In diabetic models, hyperglycemia-induced oxidative stress leads to eNOS uncoupling, resulting in decreased mRNA stability and bioactive NO production ( Bahadoran et al., 2023). Using a primer set with 100.00% identity (NM_021838.2) is essential to ensure that research on novel pharmacotherapies—such as those involving piperine or natural antioxidants—is based on accurate molecular data ( Nalbantoglu et al., 2024).

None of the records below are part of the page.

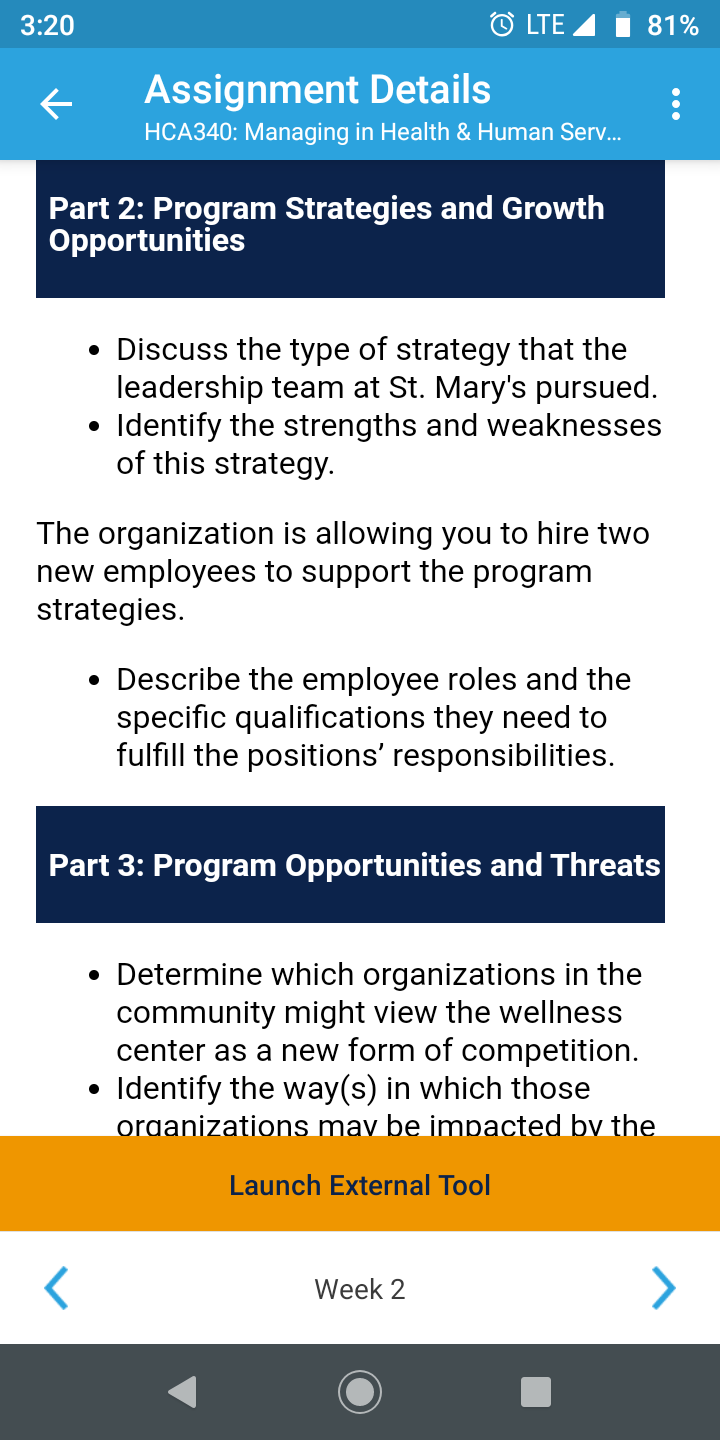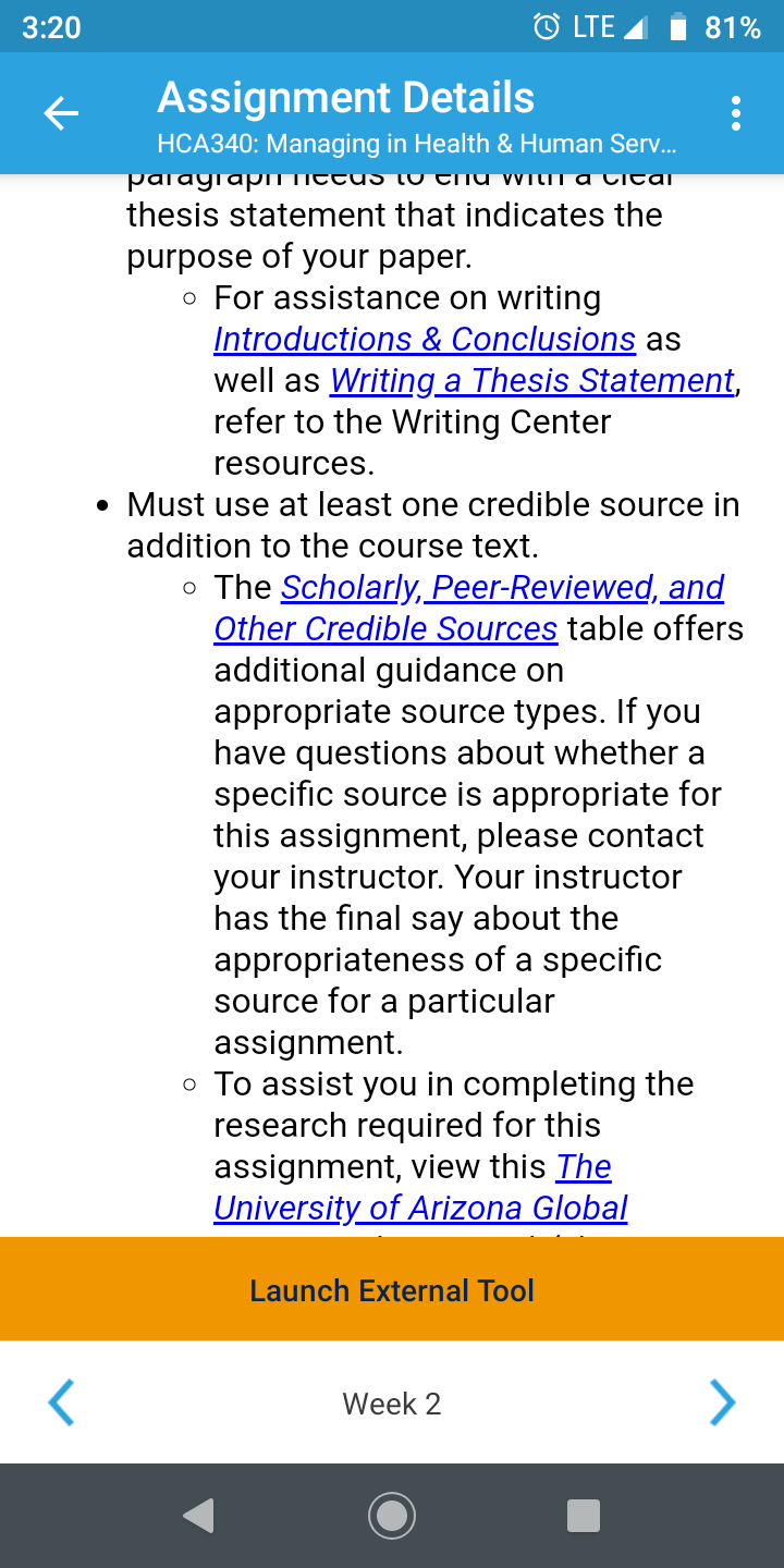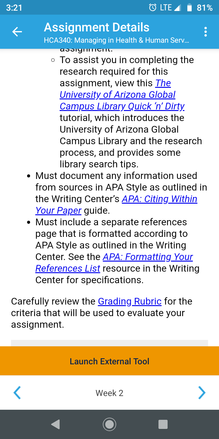 • Go to Module...Week 2 Assignment...click on launch external tool.. click on feedback.. it was some missing details. Again, i will complete the remaining quizzes as i am not comfortable with you taking them. I gave you a chance but the first low score doesnt seem like your trying much. I can do the quizzes myself. Focus on the discussions and assignments. Thank you!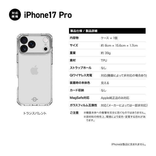 iPhone 17 Pro ケース クリア 薄型 耐衝撃 シンプル スマホケース 抗菌 加工 頑丈 透明 100% リサイクル 素材 使用 携帯ケース [ iPhone17Pro アイフォン17Pro 対応 ] case ITSKINS SPECTRUM R // CLEAR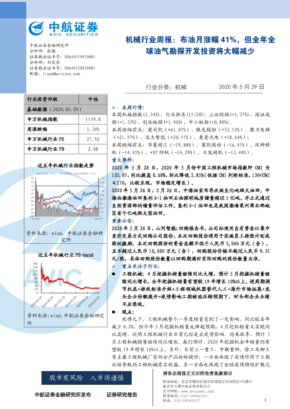 【中航证券】【20200529】20200529-中航证券-机械行业周报:布油月涨幅41%,但全年全球油气勘探开发投资将大幅减少-6页

The application of High-Resolution Melting (HRM) analysis provides an added layer of reliability. Unlike conventional melting curve analysis, HRM is sensitive enough to detect single-nucleotide polymorphisms (SNPs) and subtle variations in amplicon composition. This ensures that the N3 primer set remains robust across different Sprague-Dawley colonies, where minor genetic drift may occur ( Tong & Giffard, 2012).

While mRNA quantification is a powerful tool for gene expression profiling, it is important to note that eNOS activity is also heavily regulated by post-translational modifications, such as phosphorylation at Ser1177. Therefore, while the N3 primer set offers a validated framework for transcriptomic analysis, future studies should complement these findings with Western Blotting for protein quantification and Griess assays for measuring total nitrate/nitrite levels to provide a holistic view of endothelial function ( Defeudis et al., 2021).